:: Source data ::

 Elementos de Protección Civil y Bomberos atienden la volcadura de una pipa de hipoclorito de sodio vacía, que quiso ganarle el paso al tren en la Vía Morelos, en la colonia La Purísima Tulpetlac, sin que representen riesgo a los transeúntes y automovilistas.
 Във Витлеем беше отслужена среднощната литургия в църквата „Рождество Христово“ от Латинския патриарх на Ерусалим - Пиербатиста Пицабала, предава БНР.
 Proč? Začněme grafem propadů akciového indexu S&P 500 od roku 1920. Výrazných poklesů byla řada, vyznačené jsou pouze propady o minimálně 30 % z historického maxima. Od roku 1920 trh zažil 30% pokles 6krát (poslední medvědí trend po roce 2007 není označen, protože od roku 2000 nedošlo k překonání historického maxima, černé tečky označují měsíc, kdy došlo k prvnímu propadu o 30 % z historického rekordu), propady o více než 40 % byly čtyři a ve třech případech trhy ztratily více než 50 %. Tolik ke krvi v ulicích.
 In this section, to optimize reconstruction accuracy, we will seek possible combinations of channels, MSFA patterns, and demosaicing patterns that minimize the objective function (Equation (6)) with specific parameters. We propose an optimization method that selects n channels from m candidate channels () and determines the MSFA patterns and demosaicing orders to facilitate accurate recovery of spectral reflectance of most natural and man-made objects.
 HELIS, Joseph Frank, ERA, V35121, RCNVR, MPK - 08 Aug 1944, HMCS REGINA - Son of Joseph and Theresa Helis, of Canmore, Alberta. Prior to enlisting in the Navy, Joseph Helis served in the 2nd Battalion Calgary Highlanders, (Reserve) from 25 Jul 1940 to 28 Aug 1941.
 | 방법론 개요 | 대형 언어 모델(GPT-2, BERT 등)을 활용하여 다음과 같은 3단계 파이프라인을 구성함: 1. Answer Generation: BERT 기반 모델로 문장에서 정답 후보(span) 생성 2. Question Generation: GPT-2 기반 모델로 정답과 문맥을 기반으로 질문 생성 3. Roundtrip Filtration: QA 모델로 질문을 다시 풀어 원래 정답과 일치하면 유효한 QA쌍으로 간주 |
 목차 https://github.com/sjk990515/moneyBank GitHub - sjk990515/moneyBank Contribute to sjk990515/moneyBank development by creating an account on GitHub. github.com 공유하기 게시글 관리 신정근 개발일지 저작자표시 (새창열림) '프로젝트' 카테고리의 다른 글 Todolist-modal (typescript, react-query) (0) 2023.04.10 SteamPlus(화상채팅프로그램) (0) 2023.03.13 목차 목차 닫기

:::
:: Source data ::

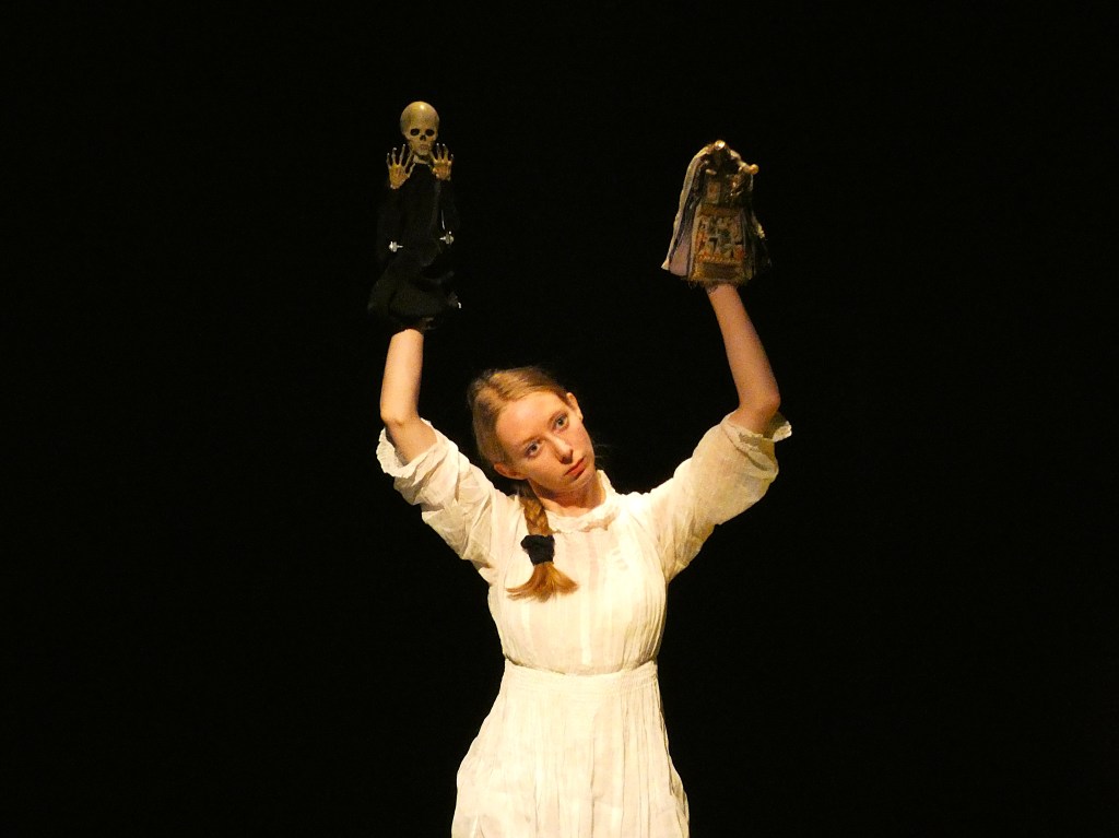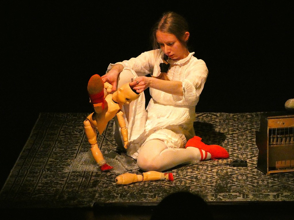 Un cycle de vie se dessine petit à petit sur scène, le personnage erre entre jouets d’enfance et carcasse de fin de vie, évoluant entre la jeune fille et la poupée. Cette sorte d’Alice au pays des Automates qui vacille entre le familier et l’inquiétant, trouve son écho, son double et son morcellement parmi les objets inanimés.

:::

- **Problem to solve**
When you reach the line holding "Proč? Začněme grafem" in the records above, begin reproducing exactly, stop after the line holding "목차 https://github.com/sjk990515/moneyBank GitHub", and output nothing else.

- **Task response**
 Proč? Začněme grafem propadů akciového indexu S&P 500 od roku 1920. Výrazných poklesů byla řada, vyznačené jsou pouze propady o minimálně 30 % z historického maxima. Od roku 1920 trh zažil 30% pokles 6krát (poslední medvědí trend po roce 2007 není označen, protože od roku 2000 nedošlo k překonání historického maxima, černé tečky označují měsíc, kdy došlo k prvnímu propadu o 30 % z historického rekordu), propady o více než 40 % byly čtyři a ve třech případech trhy ztratily více než 50 %. Tolik ke krvi v ulicích.
 In this section, to optimize reconstruction accuracy, we will seek possible combinations of channels, MSFA patterns, and demosaicing patterns that minimize the objective function (Equation (6)) with specific parameters. We propose an optimization method that selects n channels from m candidate channels () and determines the MSFA patterns and demosaicing orders to facilitate accurate recovery of spectral reflectance of most natural and man-made objects.
 HELIS, Joseph Frank, ERA, V35121, RCNVR, MPK - 08 Aug 1944, HMCS REGINA - Son of Joseph and Theresa Helis, of Canmore, Alberta. Prior to enlisting in the Navy, Joseph Helis served in the 2nd Battalion Calgary Highlanders, (Reserve) from 25 Jul 1940 to 28 Aug 1941.
 | 방법론 개요 | 대형 언어 모델(GPT-2, BERT 등)을 활용하여 다음과 같은 3단계 파이프라인을 구성함: 1. Answer Generation: BERT 기반 모델로 문장에서 정답 후보(span) 생성 2. Question Generation: GPT-2 기반 모델로 정답과 문맥을 기반으로 질문 생성 3. Roundtrip Filtration: QA 모델로 질문을 다시 풀어 원래 정답과 일치하면 유효한 QA쌍으로 간주 |
 목차 https://github.com/sjk990515/moneyBank GitHub - sjk990515/moneyBank Contribute to sjk990515/moneyBank development by creating an account on GitHub. github.com 공유하기 게시글 관리 신정근 개발일지 저작자표시 (새창열림) '프로젝트' 카테고리의 다른 글 Todolist-modal (typescript, react-query) (0) 2023.04.10 SteamPlus(화상채팅프로그램) (0) 2023.03.13 목차 목차 닫기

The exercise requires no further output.